Microsoft’s Azure AI team has introduced Florence-2, a groundbreaking vision foundation model that can handle a wide range of vision and vision-language tasks using a unified, prompt-based representation. Available under a permissive MIT license, Florence-2 comes in two sizes, 232M and 771M parameters, and excels at tasks such as captioning, object detection, visual grounding, and segmentation, performing on par or better than many large vision models.
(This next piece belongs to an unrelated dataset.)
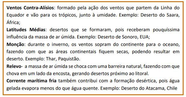 Ocupando cerca de 1/3 da superfície terrestre, esse bioma pode ser subdividido em três realidades (quentes e semidesertos quentes, desertos e semidesertos frios e os desertos polares).

This innovative model has the potential to revolutionize the way enterprises approach vision applications, providing a single, unified approach that can save investments on separate task-specific vision models.
What sets Florence-2 apart is its ability to understand spatial data across different scales, from broad image-level concepts to fine-grained pixel details, as well as semantic details such as high-level captions to detailed descriptions. Microsoft’s approach involved generating a comprehensive visual dataset called FLD-5B, which includes 5.4 billion annotations for 126 million images, covering details from high-level descriptions to specific regions and objects. Florence-2 uses a sequence-to-sequence architecture, integrating an image encoder and a multi-modality encoder-decoder, enabling the model to handle various vision tasks without requiring task-specific architectural modifications.
The model’s performance is impressive, outperforming larger models in various tasks, including object detection, captioning, visual grounding, and visual question answering. Its compact size and versatility make it an attractive option for developers, who can now offload the need for separate vision models for different tasks, reducing compute costs and development time.